Jackie Willis belies the cat is just a temporary inhabitant of the island, having swam over from the mainland. Barro Colorado, an island in Gatun Lake — which forms part of the Panama Canal, is too small to believed to be too small support a carnivore the size of a jaguar for an extended period of time.



“Jaguars need remarkably large expanses of habitat to survive and Barro Colorado is too small to support even one animal. But the presence of even the odd individual that swims out there means that jaguars are still moving through the Canal area between patches of fragmented forest,” said William Laurance, staff scientist at the Institute.



“Our photo of a jaguar on Barro Colorado is a sign of hope,” added Jackie Willis. “It proves jaguars are still in this area.”



Her husband Greg spotted a jaguar on the island in 1983. Few other jaguar have been sighted in the island’s 85-year history despite being one of the most-studied tracts of forest on Earth as a key research station for STRI.
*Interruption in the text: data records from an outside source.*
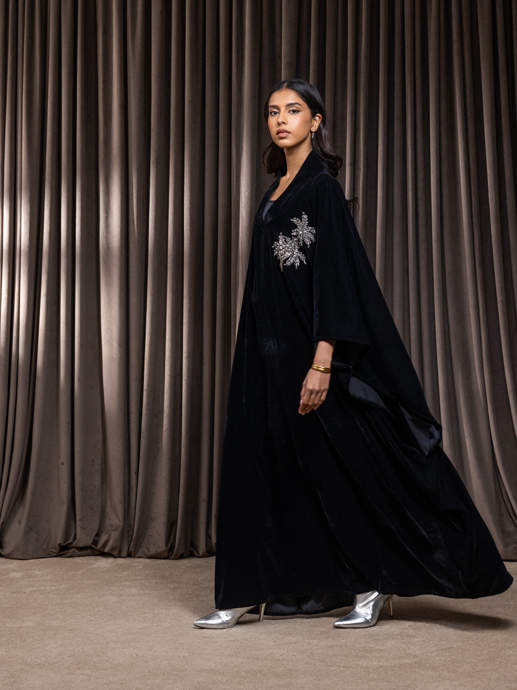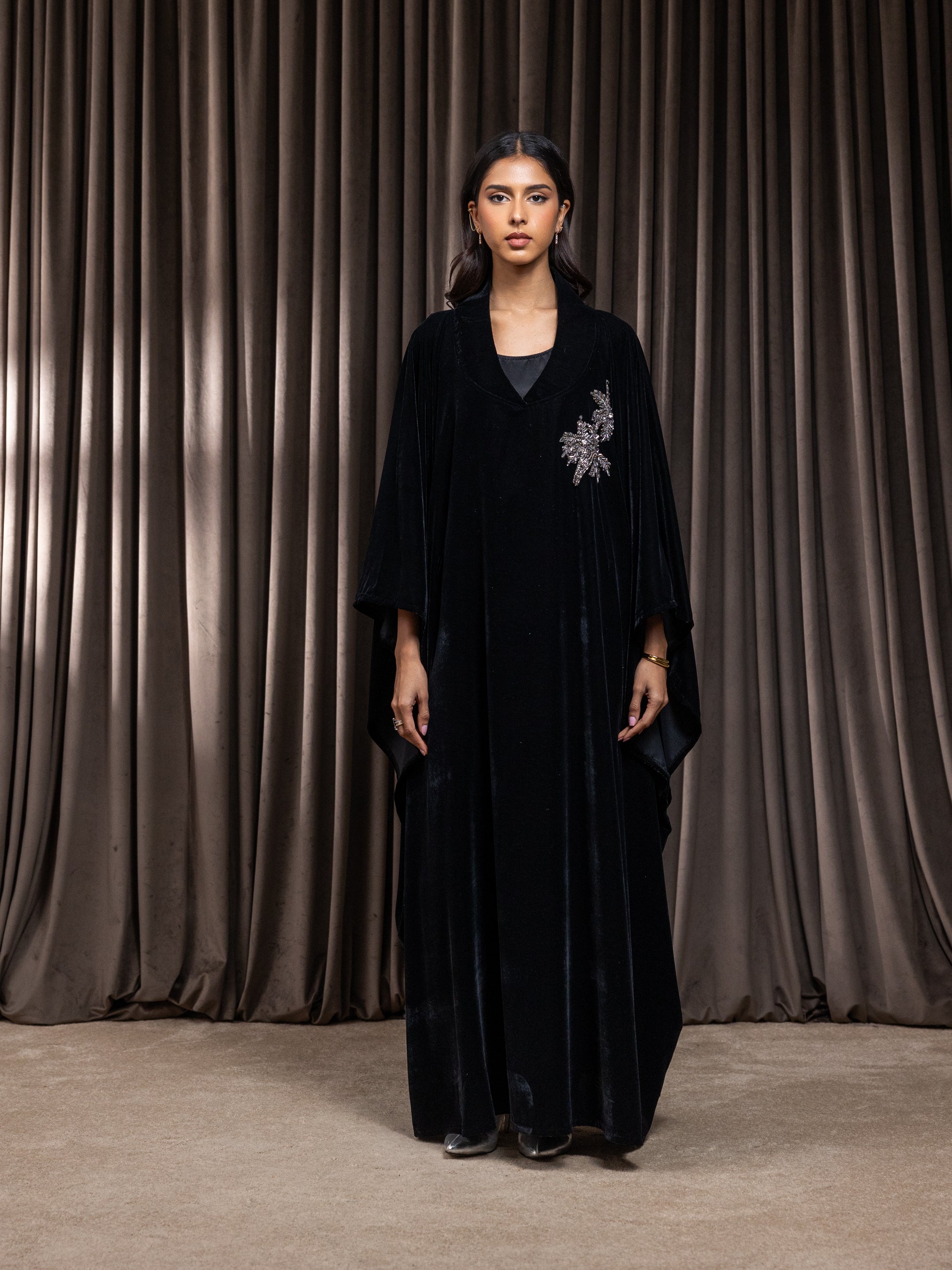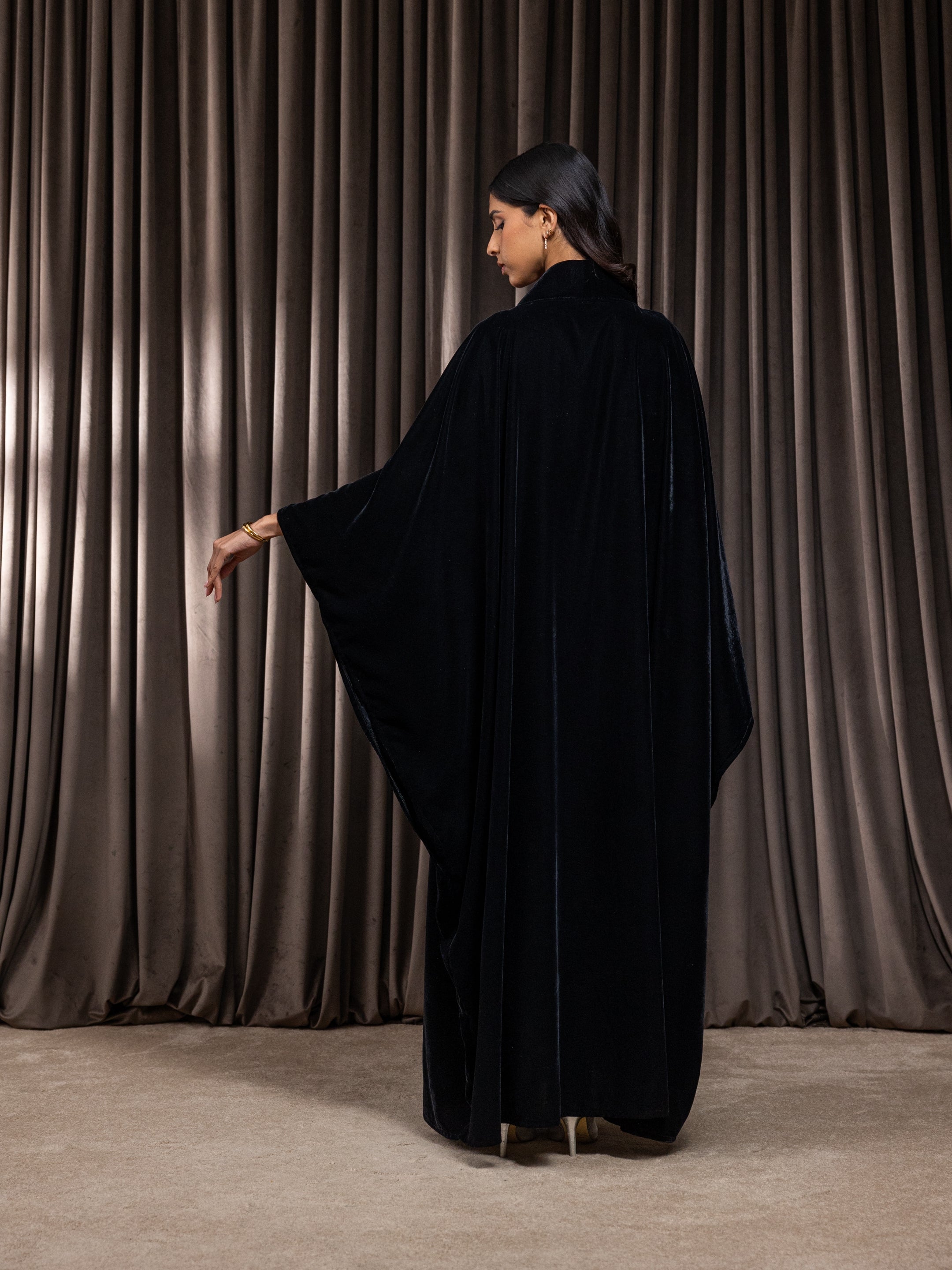 Black velvet dress crafted with an internal adjustable belt, allowing you to cinch and control the fit from the inside for a more defined and flattering shape while keeping the outer look seamless and elegant.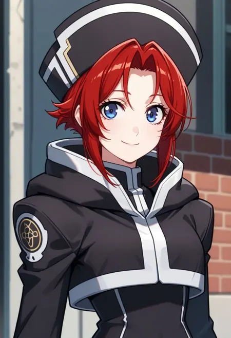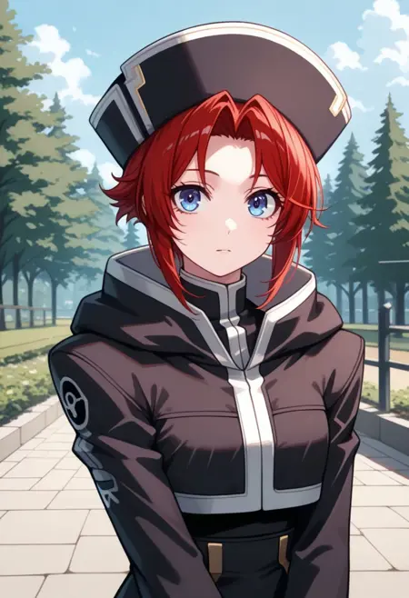 esterblan, 1girl solo, red hair, short hair, blue eyes, hat, black headwear, jacket, black jacket, cropped jacket, long sleeves, hood, shirt, black shirt, pants, black pants,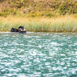 Nach einem kurzen ‘Walk-up’ für die ersten paar Hunde ging’s dann auch gleich an’s Wasser, wo es einen ‘Drive’ gab. Julia war ‘steady’ und nach einem ersten ‘Wasserretrieve’ sollte man den Hund über’s Wasser auf die andere Seite auf ein ‘Blind’ schicken. Julia hat es gemacht und da auch Claudia mit Duchess ihre Aufgabe gelöst hat, waren wir dann plötzlich nicht mehr so die Aussenseiter und konnten schlussendlich ganz gut mit den Labradoren mithalten. ;o) Wir bekamen auch immer mal wieder ein Kompliment von den anderen Teilnehmern. Mit wirklich sehr anspruchsvollen ‘Field Trial’ Situationen ging es dann weiter. Julia war gut ‘handlebar’ und es hat Spass gemacht mit ihr zu arbeiten.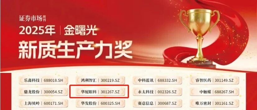 近日,由《证券市场周刊》主办的2025年市值管理“金曙光”评选圆满收官,八大权威奖项正式揭晓。凭借在科研技术创新、智能化转型等方面的突出成果, 华厦眼科 荣获“金曙光新质生产力奖”。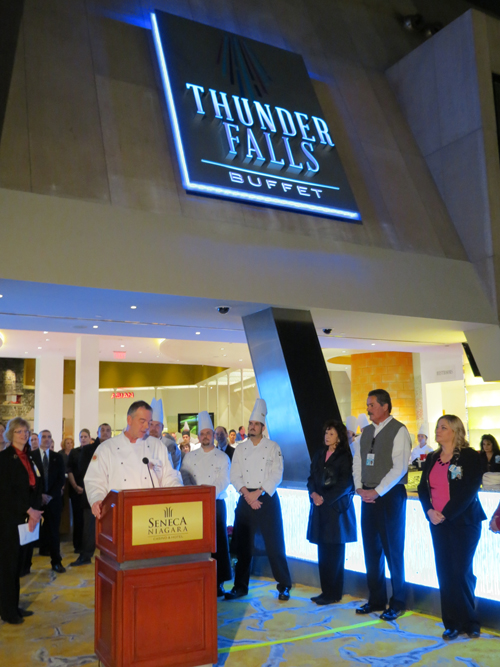 "Today, a restaurant already regarded as the region's best buffet has become even better," said Barry E. Snyder Sr., president of the Seneca Nation of Indians, at an unveiling event Thursday afternoon. "Our award-winning culinary team has redefined what it means to eat at a buffet, and locals and tourists alike will come to know Thunder Falls Buffet as a must-visit dining location when visiting the Niagara Falls region. More than a million people dine at the buffet every year, and we fully anticipate that number to increase."

Barro Coloraddo. Courtesy of STRI

Barro Colorado was not always an island. It was once a forested hilltop amid a rich tropical rainforest. When the Panama Canal was constructed, the Chagres river was dammed and the valley was flooded, leaving the hilltop an island of six square miles of forest. Barro Colorado Island was declared a biological reserve in 1923 and since has been the center of intensive research (since 1946 the island has been a research site run by the STRI). Over the last seven decades, researchers have recorded profound changes in the animal population. Without sufficient amounts of prey, large predators like the jaguar, puma, and harpy eagle were the first to disappear. Without large predators, mammals like pacas, agoutis, peccaries, and coatimundis populations skyrocketed to levels 2-10 times their normal concentration. But by 1970, 45 birds species had disappeared due to the increased omnivore population and the loss of niches like meadows and forest edges. Scientists studying these changes have made important contributions to the study of biogeography, which looks at the relationship between biodiversity and the area of a habitat. Today the island is seen as a world class research laboratory.